Background information
- Origin: Hamburg, Germany
- Genres: Nu metal; rap metal; alternative metal;
- Years active: 1995–2013
- Members: Ron Cazzato Dennis Krüger Björn "Deee" Düßler Sascha "Chi(no)" Carrilho
- Past members: Daniel Könnecke Benjamin Eckebrecht Lidija Jessel René "Russo" Knupper
- Website: http://www.4lyn.com/

= 4Lyn =

German rock band

4Lyn was a nu metal band from Hamburg, Germany. 4Lyn began their career as Headtrip in 1995 as high schoolers. They recorded demos and played locally, and in 2000 a gig at the Ohrenschmaus Festival in Hamburg got them attention from label scouts. "4Lyn" is an acronym of sorts; 4 is the number of band members, and LYN stands for "Little Young Nasties".

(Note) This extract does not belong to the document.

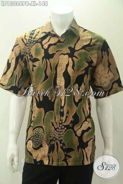Baju Batik Murah Untuk Pria Dengan Kwalitas Istimewa, Hadir Dengan Model Lengan Pendek Motif Keren Khas Solo Proses Print Cabut, Tampil Trendy Dan Modis [LD13086PB-XL]

They released their debut self-titled record on Universal Records subsidiary Motor Music in 2001, and toured with Papa Roach, Thumb, Therapy?, Cosmotron, and Dredg. They recorded their sophomore effort, Neon, in Denmark, then toured throughout central Europe. They left Motor Music to sign with Edel Music for their third release, Take it as a Compliment, issued in 2004. In 2005 they wrote a theme song entitled "Go Sea Devils" for the Hamburg Sea Devils, a football team. 2007 saw the release of their self-produced album, Compadres.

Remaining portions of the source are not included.